=== INPUT RECORDS ===

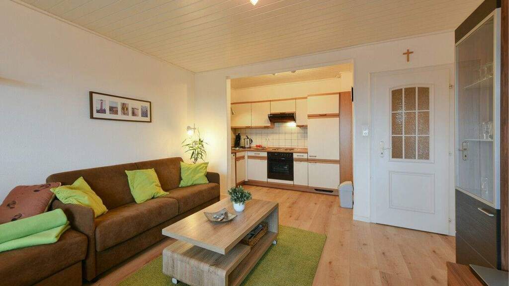 Komfortabel, hell, dazu strandnah: Die ca. 46 m² große Wohnung befindet sich in der zweiten Etage des Appartement-Hauses "Südwind". Eines ihrer Highlights ist der großzügig verglaste und nach Süden ausgerichtete Erker. Vom frühen Morgen bis zum späten Abend sorgt das hereinfallende Sonnenlicht in dem Wohn- und Essbereich für eine einladende und wohlig warme Atmosphäre. Perfekt für einen Kurztrip, aber auch für einen langen und entspannten Familienurlaub. Über den Flur gelangt man in das separate Schlafzimmer mit Waschgelegenheit sowie in den geräumigen Wohnbereich. Hier befindet sich nicht nur das helle Wohnzimmer und die offene Küche, sondern auch der Essbereich. Gut durchdacht: Die Nutzung der räumlich getrennten Schlafmöglichkeiten ermöglicht die großzügige Schlafcouch im Wohnbereich.
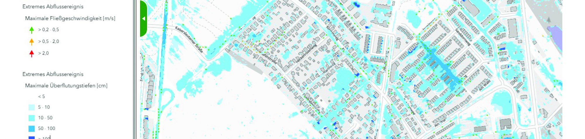 Diese Szenarien zeigen auf, wie sich Starkregen in verschiedenen Intensitäten auf die Karlsruher Stadtteile auswirken kann. Besonders wichtig: Aus dem Plan lassen sich überflutungsgefährdete Bereiche, die voraussichtliche Wassertiefe sowie die Fließgeschwindigkeit ablesen.
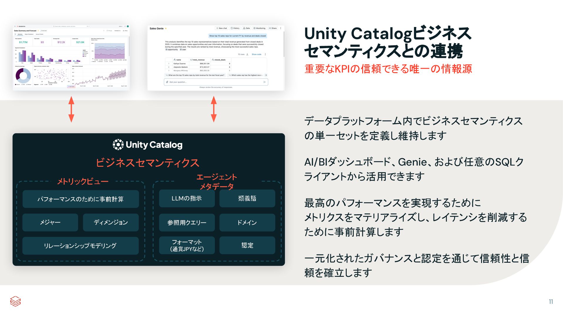Introducing Databricks AI/BI すべての人のためのインテリジェントアナリティクス 10 Unity Catalogによる管理 | Databricks SQLを活用
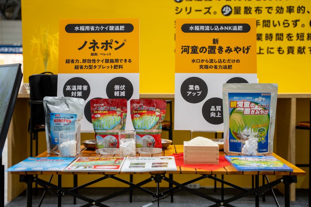 当日ブースでは「ライフインの水稲追肥シリーズ」の展示を中心に、水稲農家様が抱える課題解決に向けたご提案をさせて頂きました。
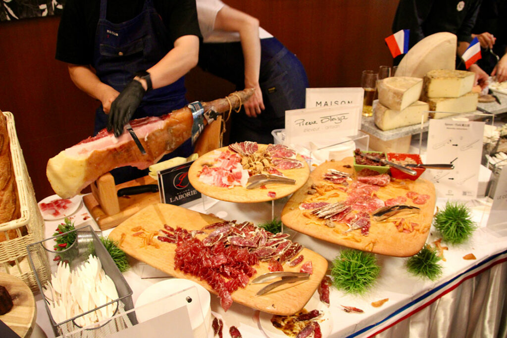90年の伝統を守るオーヴェルニュの豊かな自然の中で育てられた放牧豚を使った、フランスならではの美食「La Borie(ラボリー)」のシャルキュトリも提供され、多くの人をもてなした。
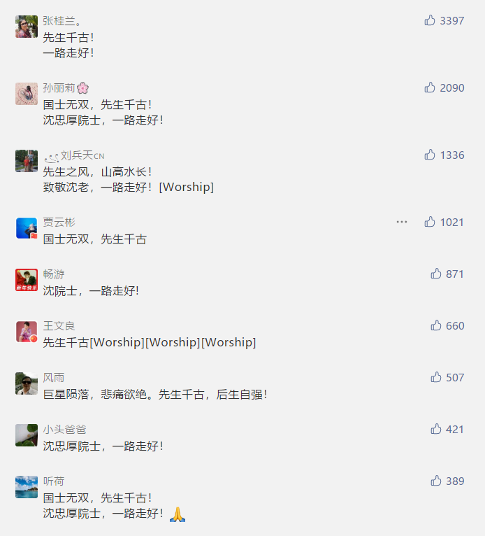 沈忠厚院士逝世后,党和国家领导人、中央和国家相关部门领导、北京市和山东省相关部门领导、石油石化企业领导,广大师生校友、社会各界人士和沈忠厚院士生前友好通过多种方式表达沉痛哀悼和深切缅怀。

===

TASK ITEM |
Quote, exactly and only, the lines from the first line of the data above through the line containing "Diese Szenarien zeigen". The pictures do not belong in it.

SOLUTION TO THIS EXERCISE |
 Komfortabel, hell, dazu strandnah: Die ca. 46 m² große Wohnung befindet sich in der zweiten Etage des Appartement-Hauses "Südwind". Eines ihrer Highlights ist der großzügig verglaste und nach Süden ausgerichtete Erker. Vom frühen Morgen bis zum späten Abend sorgt das hereinfallende Sonnenlicht in dem Wohn- und Essbereich für eine einladende und wohlig warme Atmosphäre. Perfekt für einen Kurztrip, aber auch für einen langen und entspannten Familienurlaub. Über den Flur gelangt man in das separate Schlafzimmer mit Waschgelegenheit sowie in den geräumigen Wohnbereich. Hier befindet sich nicht nur das helle Wohnzimmer und die offene Küche, sondern auch der Essbereich. Gut durchdacht: Die Nutzung der räumlich getrennten Schlafmöglichkeiten ermöglicht die großzügige Schlafcouch im Wohnbereich.
 Diese Szenarien zeigen auf, wie sich Starkregen in verschiedenen Intensitäten auf die Karlsruher Stadtteile auswirken kann. Besonders wichtig: Aus dem Plan lassen sich überflutungsgefährdete Bereiche, die voraussichtliche Wassertiefe sowie die Fließgeschwindigkeit ablesen.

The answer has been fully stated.